The next visitor came a few hours later. Our speech therapist recently quit First Steps and since there are now only 2 STs servicing our area, we're again on a waiting list. (Buddy still isn't talking, so ST is definitely something I'd like to keep up with.) In lieu of a ST, our service coordinator suggested adding a developmental therapist, who supposedly can also help with speech.

And so the DT came Friday afternoon to spend an hour with Kieran. To be frank, I found her a bit annoying (mainly in the way she talked), but for the sake of continued therapy in this area, I'll keep her around. For awhile anyway. Our geneticist also mentioned at a recent appointment that he could refer us to the speech pathology division at Children's, which I may follow up on.

Speech therapy, finally

We've been on the waiting list for a speech therapist for Buddy since September, 2009. There are known speech delays in those with Williams Syndrome (although once they begin speaking, apparently, language becomes a strength), and we wanted to give him every advantage. Speech therapists are rare in our neck of the woods, and so it was only just last week (May, 2010) one called to set up an appointment to begin his therapy. From now on (or at least until he's 3), Tuesdays will be reserved for speech therapy with Lori.

Words he understands

Wednesdays are OT day for Buddy. He enjoys spending time with our OT.

When he was first diagnosed with WS, I had visions of him as an adult unable to do even the most basic of personal care -- tie his shoes, feed himself, brush his teeth. Perhaps a bit extreme but some of the videos we'd seen and articles we'd read described this type of behavior in older adults with WS--able to play a concerto on the clarinet but unable to tie a pair of shoes.

However, I've been encouraged by his progress over the past few months--he's working on brushing his teeth by himself and can use a fork to feed himself scrambled eggs. Still can't tie a shoe, but I'll let that go for awhile. He's also almost ready to walk by himself and is learning to use a sippy cup.

We've been watching the Your Baby Can Read DVD for the past few weeks and that seems to be helping him with language acquisition. He's not reading, per se, but he is recognizing that words mean something. The following videos are a few of the words he knows.

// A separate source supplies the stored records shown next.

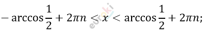 \[2)\ \cos x > \frac{1}{2}\]
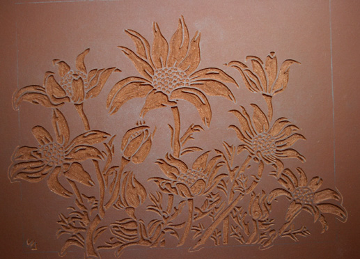 This is a brown lino – not sure of its name – it carves easily but it can crumble more around the edges which can be frustrating. I had always used the grey silkcut lino but they kept changing the ‘formula’ over past years and I was very unhappy with it.
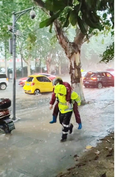 6月24日上午,长沙城区因突降暴雨,多处道路积水过深被阻断。一女子在砂子塘曙光路口,向暴雨中执勤的民警招手。民警立即赶过去,但女子已经坚持不住晕倒了。民警迅速把她从水中搀扶起来,将她背回岗亭休息。
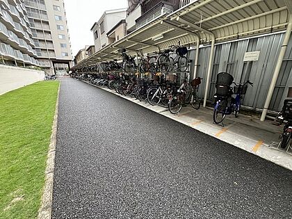 自転車を雨から守る屋根付きの駐輪場がございます。整然と保たれており、管理状態の良さが伺えます。【駐輪場】
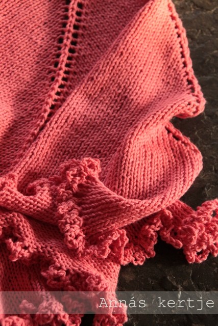 I finished today a little scarf (or shawl) to my daughter. I chose Barka Gilice Hajnal cottonyarn for this project and 2 skeins was enough. I knitted a whole scarf with stocking stitch rows and I crocheted its edge with a little ruffle from fivechain-laces. The lenght of the scarf is 110 cm and by centre back is 45 cm.

Basic, yes, but I'll take it.

First OT visit

Today the Occupational Therapist came for our first session. Buddy was more interested in giving her hugs than in doing what she wanted him to do. However, she left some simple suggestions for things to try with him throughout the week, so we'll work those into our routine.

He had a nice time with the OT. She also suggested that we add a speech therapist, so we'll check into that, as well.